XRP’s immediate technical picture is defined by compression, not trend expansion. Public market trackers show the token spending March 2026 inside a broad $1.20 to $1.60 value area, with closes around $1.38 to $1.43 on March 10-12. CoinLore listed XRP at $1.39 on March 10 with roughly $2.5 billion in volume and an $83.3 billion market cap, while CoinCodex showed a March 10-11 close near $1.38 with $4.17 billion in volume and an $85.29 billion market cap. That places XRP well below the levels seen during stronger momentum phases, but still far above the sub-$1 zone that would signal a deeper structural breakdown.

The trendline argument comes from higher-time-frame chart structure. A TradingView-linked market report described XRP as retesting a rising support line that previously aligned with major rallies, including the 2017 cycle and a 2024 advance. That does not confirm another rally, but it explains why chart-focused traders are watching support rather than chasing breakouts. The same report also identified a heavy supply zone around $2.40 to $2.60, meaning XRP would need a weekly close above that band to invalidate the broader ceiling that has capped upside attempts.

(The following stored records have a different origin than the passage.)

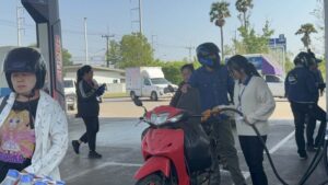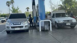 มุกดาหาร ประชาชนแห่เติมน้ำมันรอคิวที่ยาวเหยียดและปั๊มจำกัดยอดเติม
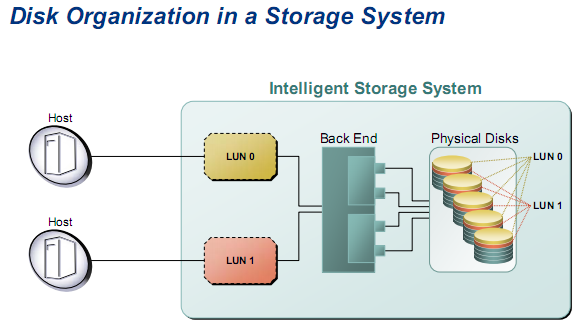 아래 그림은 여러 물리 디스크 즉 RAID를 한 다음에 파티션을 나눠 LUN0 LUN1이런식으로 사용되는 모습입니다.
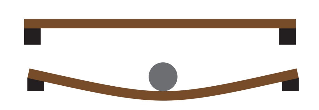 Figure 2 (above) shows drawings of a beam that is supported by blocks at each end. In Figure 2-A, the beam is not loaded. In Figure 2-B, the beam bends under a load applied at its center, and its supports also deform. The bend in the beam and deformation of its supports are measurable on a global scale. The stiffness of a structure is a measure of the amount of load that is required to cause a certain amount of displacement. A structure with a high level of stiffness will deform less than a structure with a lower level of stiffness.
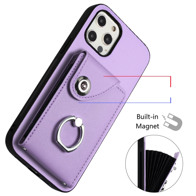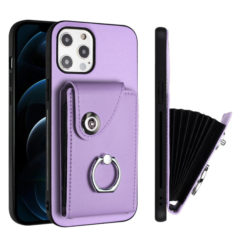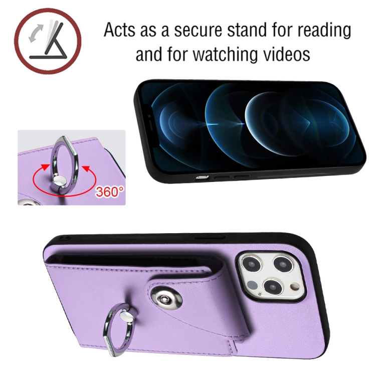 Funda para Teléfono iPhone 12 Pro Max con Soporte para Anillo y Bolsa para Tarjeta (Púrpura)
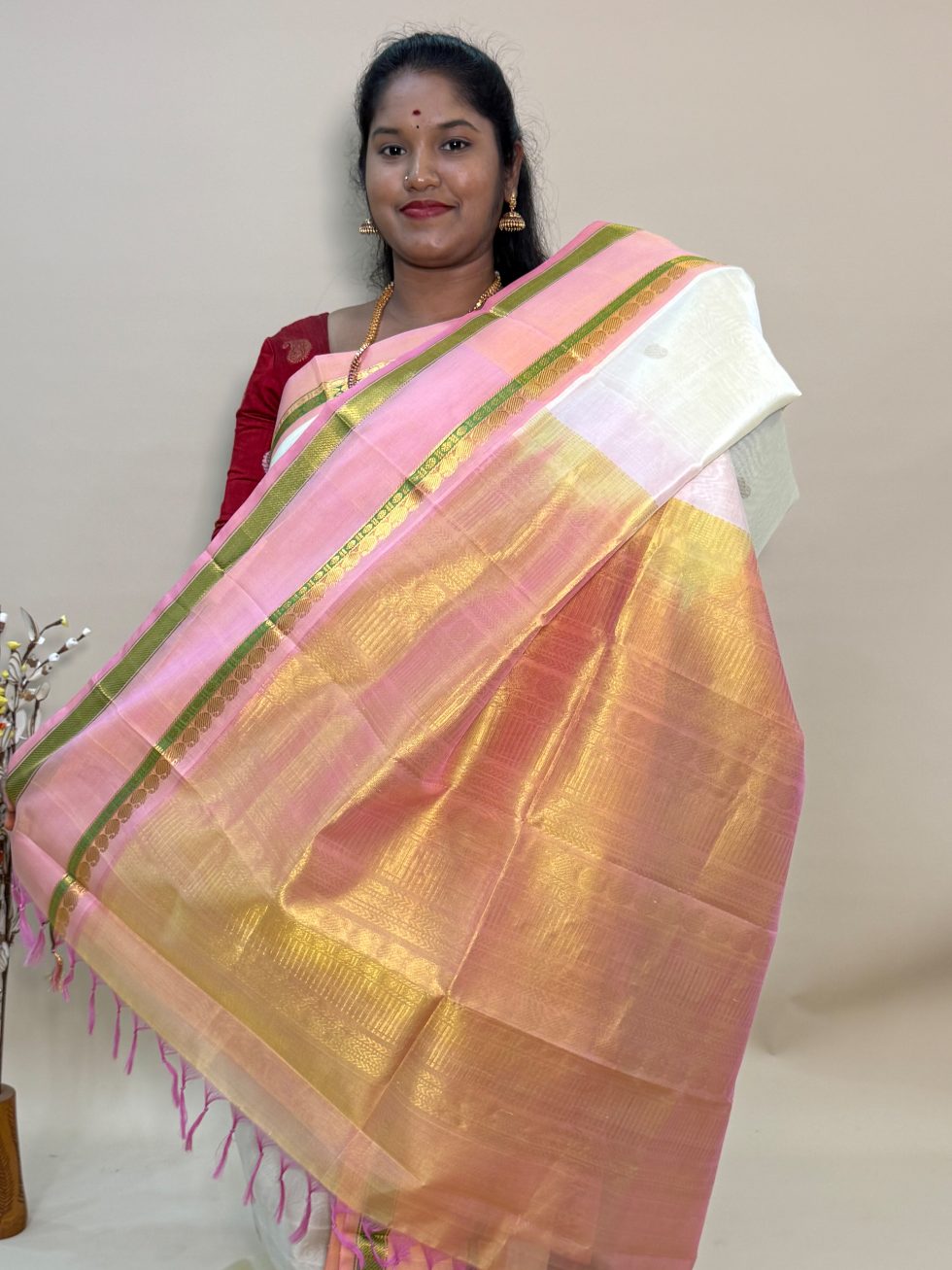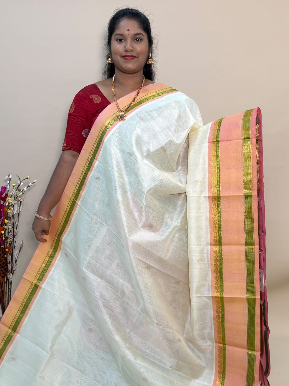 Silk Cotton Korvai Buttas In Half White And Peach With Traditional Border

That context matters because trendlines are only useful when they coincide with liquidity and participation. If price sits on support while volume fades and leverage unwinds, the support can fail quickly. In XRP’s case, that is the central risk behind the “crash could be looming” thesis: the chart may still be intact, but the market underneath it looks less committed than during prior impulse moves.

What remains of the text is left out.